DIESEL+: Accelerating Distributed Deep Learning Tasks on Image Datasets
暂无分享,去创建一个
We observe that data access and processing takes a significant amount of time in large-scale deep learning training tasks (DLTs) on image datasets. Three factors contribute to this problem: (1) the massive and recurrent accesses to large numbers of small files; (2) the repeated, expensive decoding computation on each image, and (3) the frequent communication between computation nodes and storage nodes. Existing work has addressed some aspects of these problems; however, no end-to-end solutions have been proposed.
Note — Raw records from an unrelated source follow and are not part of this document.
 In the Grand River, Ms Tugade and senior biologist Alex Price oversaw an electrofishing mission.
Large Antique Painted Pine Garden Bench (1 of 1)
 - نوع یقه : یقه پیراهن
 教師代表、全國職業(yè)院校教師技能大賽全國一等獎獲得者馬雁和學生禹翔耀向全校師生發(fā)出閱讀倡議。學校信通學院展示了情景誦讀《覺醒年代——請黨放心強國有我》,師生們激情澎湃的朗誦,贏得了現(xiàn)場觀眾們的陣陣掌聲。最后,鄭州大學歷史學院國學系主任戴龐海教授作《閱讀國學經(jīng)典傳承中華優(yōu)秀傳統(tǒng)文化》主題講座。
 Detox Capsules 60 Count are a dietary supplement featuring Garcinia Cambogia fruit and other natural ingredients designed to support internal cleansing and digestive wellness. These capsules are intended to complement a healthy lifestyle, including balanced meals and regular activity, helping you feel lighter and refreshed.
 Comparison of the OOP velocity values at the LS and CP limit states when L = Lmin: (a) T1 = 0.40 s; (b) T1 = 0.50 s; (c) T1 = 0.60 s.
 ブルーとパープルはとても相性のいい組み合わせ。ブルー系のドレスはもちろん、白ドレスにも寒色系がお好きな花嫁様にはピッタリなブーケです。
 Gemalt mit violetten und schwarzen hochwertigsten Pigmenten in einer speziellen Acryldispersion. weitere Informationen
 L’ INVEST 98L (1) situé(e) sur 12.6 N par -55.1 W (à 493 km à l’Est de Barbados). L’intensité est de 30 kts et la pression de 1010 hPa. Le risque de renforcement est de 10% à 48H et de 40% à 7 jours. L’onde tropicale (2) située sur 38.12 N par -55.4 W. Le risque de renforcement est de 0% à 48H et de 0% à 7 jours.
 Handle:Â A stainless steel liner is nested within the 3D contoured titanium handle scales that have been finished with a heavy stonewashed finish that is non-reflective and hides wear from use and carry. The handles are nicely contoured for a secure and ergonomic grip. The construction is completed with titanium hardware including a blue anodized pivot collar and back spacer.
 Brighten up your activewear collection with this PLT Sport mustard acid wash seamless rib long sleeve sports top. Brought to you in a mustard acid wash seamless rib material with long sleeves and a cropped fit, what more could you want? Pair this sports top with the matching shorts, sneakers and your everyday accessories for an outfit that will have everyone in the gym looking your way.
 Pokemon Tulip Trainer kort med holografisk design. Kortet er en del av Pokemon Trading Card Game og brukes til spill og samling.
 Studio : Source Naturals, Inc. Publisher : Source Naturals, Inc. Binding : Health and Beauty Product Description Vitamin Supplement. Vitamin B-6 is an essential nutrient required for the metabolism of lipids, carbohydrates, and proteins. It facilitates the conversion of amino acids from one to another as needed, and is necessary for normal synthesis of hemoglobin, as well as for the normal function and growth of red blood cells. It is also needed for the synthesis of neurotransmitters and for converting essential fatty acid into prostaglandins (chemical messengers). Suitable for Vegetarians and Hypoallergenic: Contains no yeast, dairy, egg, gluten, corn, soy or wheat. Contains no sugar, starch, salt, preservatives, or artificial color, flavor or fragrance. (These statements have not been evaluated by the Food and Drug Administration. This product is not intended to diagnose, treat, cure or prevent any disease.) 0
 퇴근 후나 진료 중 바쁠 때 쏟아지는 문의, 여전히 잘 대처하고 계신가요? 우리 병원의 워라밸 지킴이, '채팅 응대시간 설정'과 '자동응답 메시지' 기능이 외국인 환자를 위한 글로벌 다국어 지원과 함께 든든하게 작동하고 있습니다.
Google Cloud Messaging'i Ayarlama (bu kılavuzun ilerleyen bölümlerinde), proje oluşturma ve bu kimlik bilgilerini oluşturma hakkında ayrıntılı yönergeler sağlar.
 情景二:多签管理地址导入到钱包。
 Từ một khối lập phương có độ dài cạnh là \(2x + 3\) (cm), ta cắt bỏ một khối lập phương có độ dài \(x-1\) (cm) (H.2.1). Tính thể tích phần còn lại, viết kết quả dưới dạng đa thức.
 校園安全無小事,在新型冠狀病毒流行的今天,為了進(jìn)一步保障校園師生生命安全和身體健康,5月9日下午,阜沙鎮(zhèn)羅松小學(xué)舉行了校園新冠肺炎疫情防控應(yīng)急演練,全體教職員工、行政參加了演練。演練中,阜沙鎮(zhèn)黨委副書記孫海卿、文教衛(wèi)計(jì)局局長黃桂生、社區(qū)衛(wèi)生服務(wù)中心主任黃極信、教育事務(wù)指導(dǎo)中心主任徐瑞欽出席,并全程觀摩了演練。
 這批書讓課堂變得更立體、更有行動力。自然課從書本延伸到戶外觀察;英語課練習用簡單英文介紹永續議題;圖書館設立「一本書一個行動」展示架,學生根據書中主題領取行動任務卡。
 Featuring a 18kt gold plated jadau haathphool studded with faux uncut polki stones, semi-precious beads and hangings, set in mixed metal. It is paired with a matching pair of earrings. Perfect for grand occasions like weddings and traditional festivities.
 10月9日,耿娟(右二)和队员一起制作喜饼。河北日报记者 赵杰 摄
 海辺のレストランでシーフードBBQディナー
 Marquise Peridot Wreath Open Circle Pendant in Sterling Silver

In this article, we propose DIESEL+, an all-in-one system which accelerates the entire I/O pipeline of deep learning training tasks. DIESEL+ contains several components: (1) local metadata snapshot; (2) per-task distributed caching; (3) chunk-wise shuffling; (4) GPU-assisted image decoding and (5) online region-of-interest (ROI) decoding. The metadata snapshot removes the bottleneck on metadata access in frequent reading of large numbers of files. The per-task distributed cache across the worker nodes of a DLT task to reduce the I/O pressure on the underlying storage. The chunk-based shuffle method converts small file reads into large chunk reads, so that the performance is improved without sacrificing the training accuracy. The GPU-assisted image decoding and the online ROI method minimize the image decoding workloads and reduce the cost of data movement between nodes. These techniques are seamlessly integrated into the system. In our experiments, DIESEL+ outperforms existing systems by a factor of two to three times on the overall training time.